■ Work instructions:
Repeat all the lines below exactly, but omit the pictures.

■ Collected material:
+--
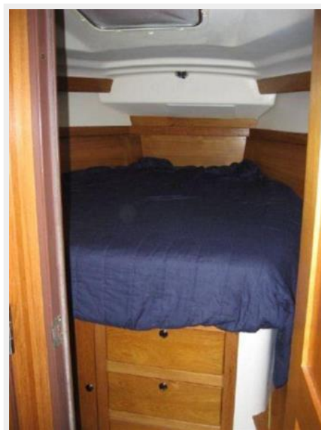
Storage under berth
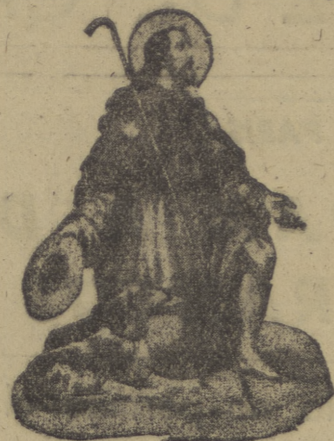
San Roque, patrón de Pradoluengo

Además los gaiteros de Villabuena, que traen variado repertorio y acompañarán a
+--
■ Result below:
Storage under berth
San Roque, patrón de Pradoluengo

Además los gaiteros de Villabuena, que traen variado repertorio y acompañarán a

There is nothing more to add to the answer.